В воинстве становилось всё больше наёмников, которых уже не особо стремились превратить в ремту. Жрецы или замкнулись в Братствах, или уподобились ханаанейским и эллинским "посредникам по даче мзды богам". Больше стало вороватых чиновников, ибо воины ещё могли, выслужившись, войти в круг высокородных, но простолюдин, избравший мирное поприще, каких бы высот не добился, оставался лишь богатым простолюдином.
Конечно, высокородные воспитывали и обучали своих детей так, что оные сами добивались высших должностей на любом поприще, но и сего хватило лишь на семь десятков лет. После смерти Рамосе Третьего, победителя орд пиратов, закончилась, продлившаяся четыре века, эпоха небывалого процветания и могущества. Сменилась медленным упадком.
Потом наступила новая смута -- тоже на четыреста лет. Были дни, когда казалось, что тучи над Священной Землёй расходятся, но после смерти великого Некао Уахемабура[106] она получала удар за ударом. Едва поднявшись с колен, вновь повергалась в грязь. Тьма с Востока простёрла над ней свои чёрные крылья.

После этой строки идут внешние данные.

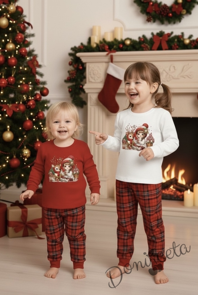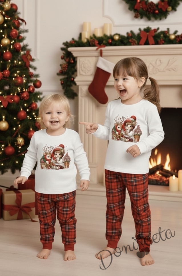 Коледна детска пижама Донър с горнище в бяло с коледни мотиви и долнище в червено каре Карена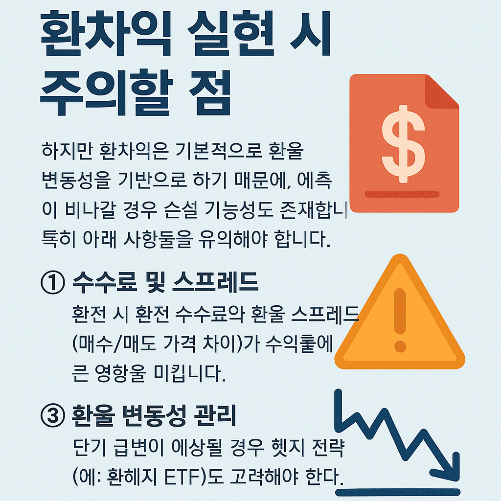 하지만 환차익은 기본적으로 환율 변동성을 기반으로 하기 때문에, 예측이 빗나갈 경우 손실 가능성도 존재합니다. 특히 아래 사항들을 유의해야 합니다.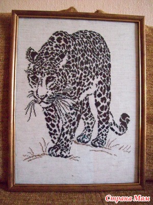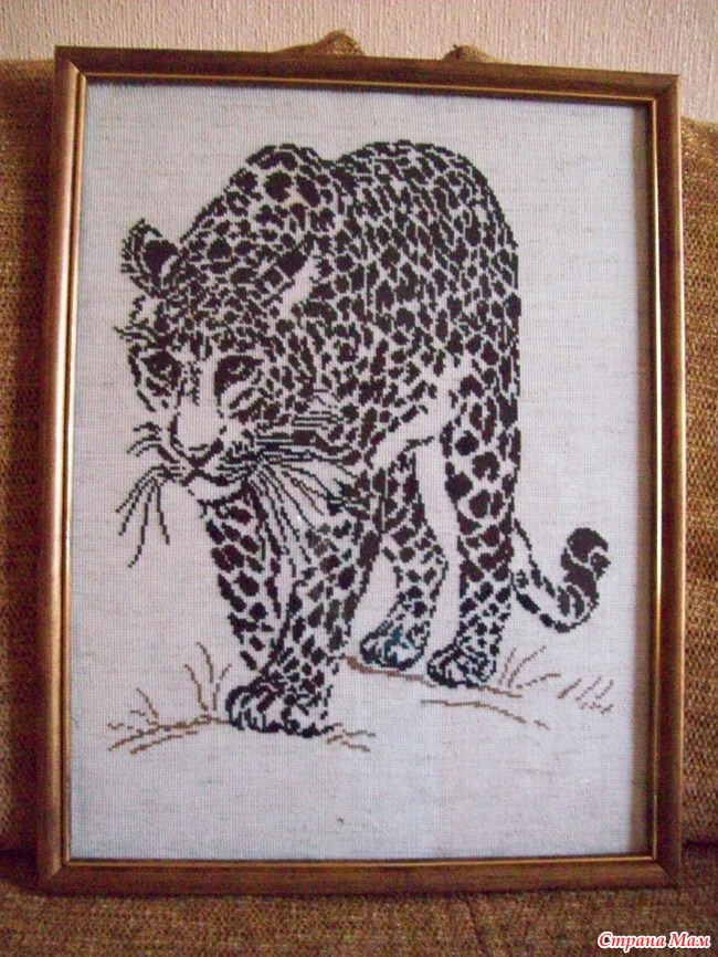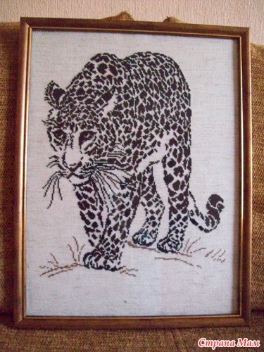 эх, а у меня только морда пока вышла. В глазах от пятен стало рябить, и сын тут пристал "Выший Валерку". Пока отложила, но я видела, честно видела, как мама на леопарда хищно облизывается. Наверно в тайне уже место нашла, куда повесить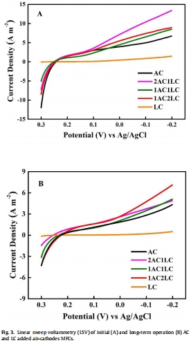 陰極制備與電池構(gòu)建:將LC與AC以不同質(zhì)量比(如2:1, 1:1, 1:2)混合,采用滾壓法制備一系列空氣陰極。構(gòu)建單室MFC反應(yīng)器,并以這些陰極為核心進(jìn)行長(zhǎng)期(超過8800小時(shí))運(yùn)行。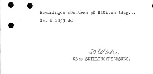 //// Beväringen mönstras pä Slätten idag... //// Se: E 1653 dd //// i //// ! //// KB:s SKILLINGTRYCKSREG. ////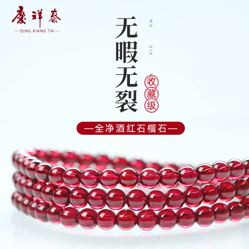 速发莫桑比克收藏净体 酒红石榴石手链单圈三圈手串纯珠子
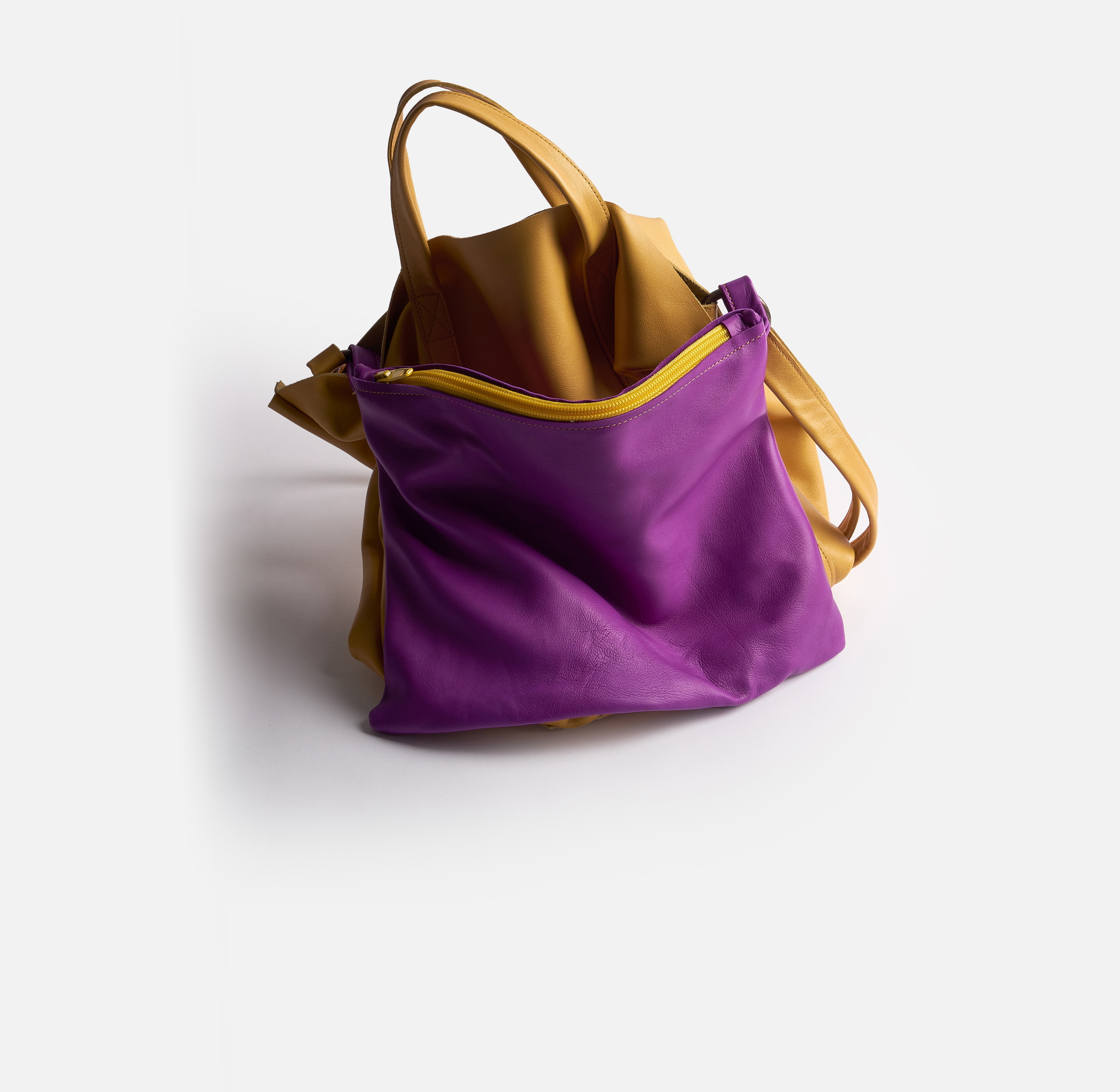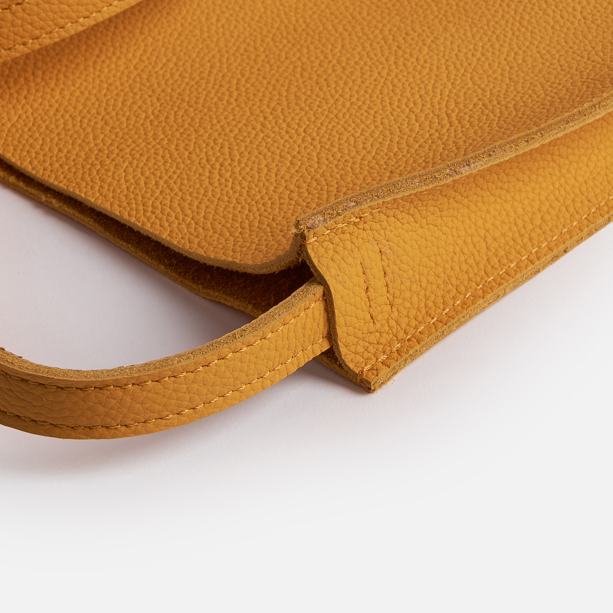 MATIÈRES : Nous avons choisi pour ce sac de très beaux cuirs grainés, épais et tout en souplesse. Pour l'intérieur, nous avons décidé de conserver le cuir brut pour un contact plus doux avec la matière.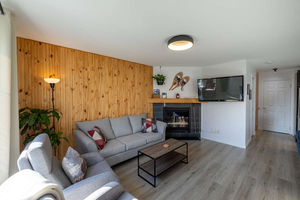 Bienvenue au VadClub! Condo au goût du jour, spacieux , chaleureux avec vue imprenable sur la montagne. Piscine intérieure. Cuisine rénovée et entièrement équipée. Bureau double pour le télétravail. stationnement intérieur et extérieur borne de recharge. Espace foyer intérieur et extérieur commun pour les 5 à 7. Activités : gym/ski/vélo/golf/randonnée/tennis/patinoire. Navette aux 20 minutes pour le MSA . casier ski/ vélo. Ascenseur. Entre le vieux Québec et Charlevoix (30 min)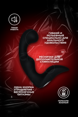 Массажер простаты – это идеальный девайс для любителей анальных игр, который подарит самые яркие оргазмы. Пробка имеет изогнутую форму, которая подстраивается под особенности твоей анатомии, чтобы максимально простимулировать чувствительную зону простаты. Несколько режимов вибрации позволяют настроить свою идеальную волну удовольствия. С помощью этой игрушки анальный оргазм тебе обеспечен!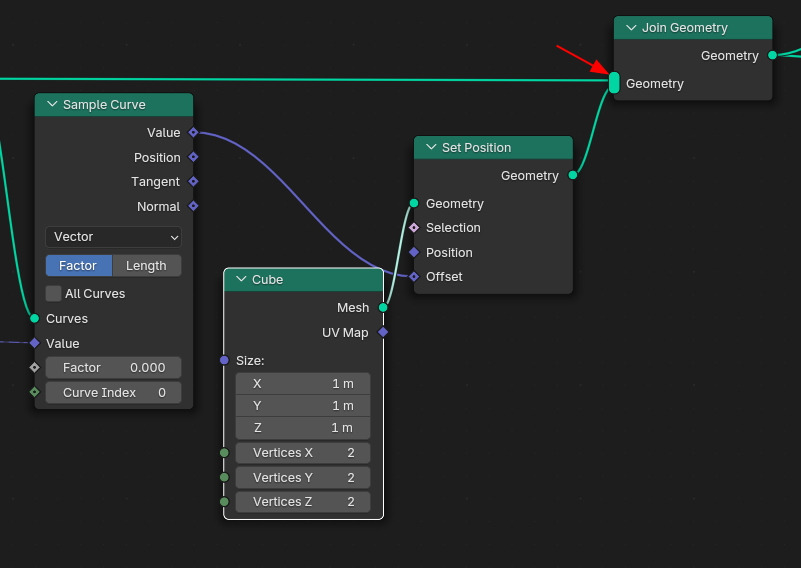 이 Path를 따라갈 Cube를 생성하고, 그 Cube의 움직임을 조절하는 Set Position노드를 생성해서 연결합니다. Mesh 는 Geometry로 연결합니다.
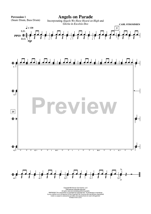 "Angels on Parade - Percussion 1" Sheet Music by Carl Strommen
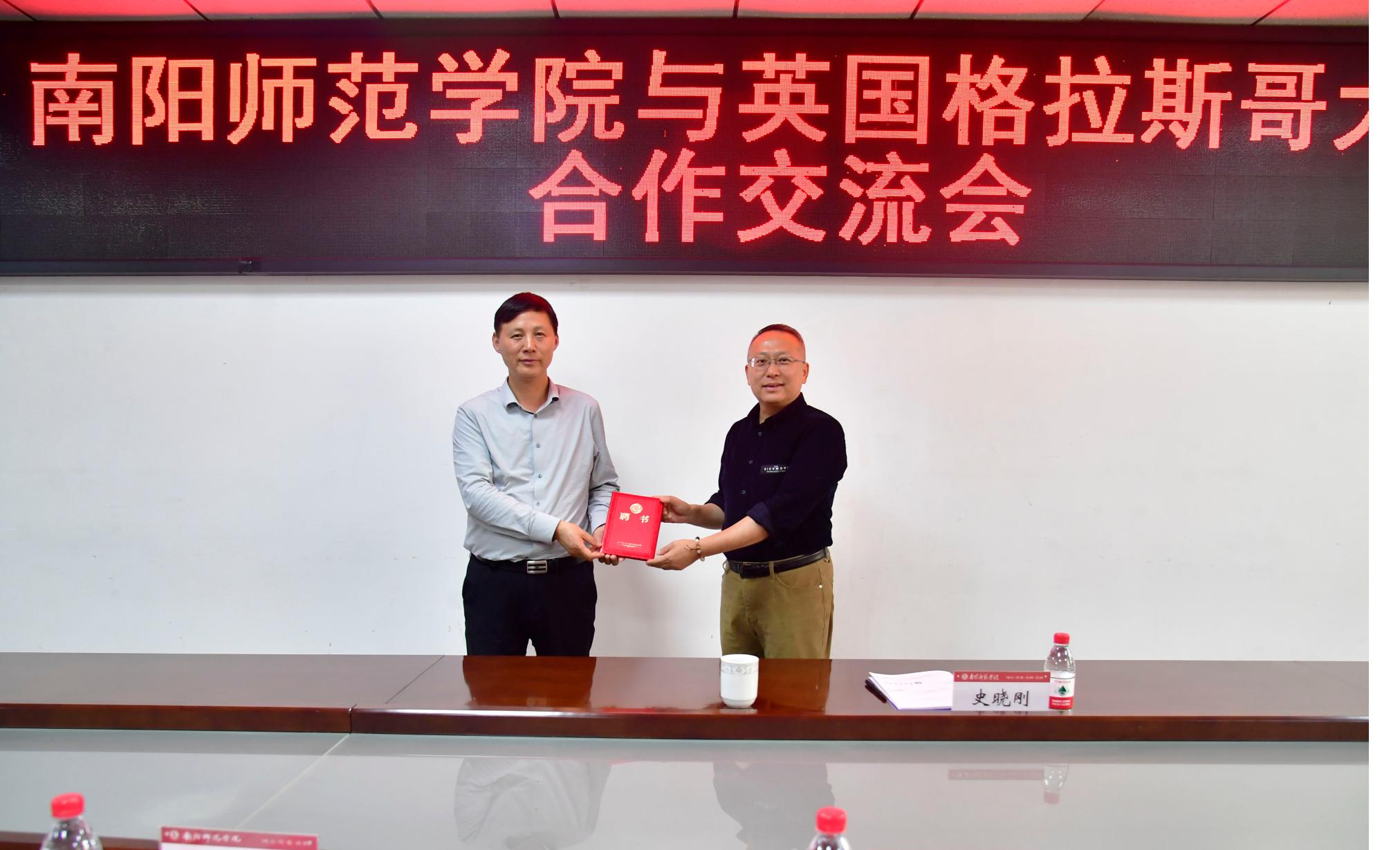 本网讯(通讯员 李磊 图/文)为深化国际视野,拓展合作渠道,5月28日下午,新葡萄8883官网AMG与英国格拉斯哥大学合作交流会议在办公大楼一楼西会议室举行。英国格拉斯哥大学史晓刚教授来访交流,副校长熊新忠出席会议并代表学校向史晓刚教授颁发特聘教授证书。科技处、研究生处、国际交流合作处以及水资源与现代农业学院相关负责人和教师参加座谈。

Этой тьмой стали персы. Их царь, Камбуджа[107], завоевал Та-Кем, принеся неисчислимые бедствия. Ремту не покорились, но персы жестоко подавляли все восстания и чинили по всей стране великое зло. Когда же их собственную страну тронула внутренняя гниль, сыны Реки смогли сбросить ненавистное ярмо. Вот только рассвет оказался краток. Всего два поколения ремту сменилось в свободной Священной Земле, а третьему довелось сполна испить горькую чашу тяжелейшего поражения и неволи.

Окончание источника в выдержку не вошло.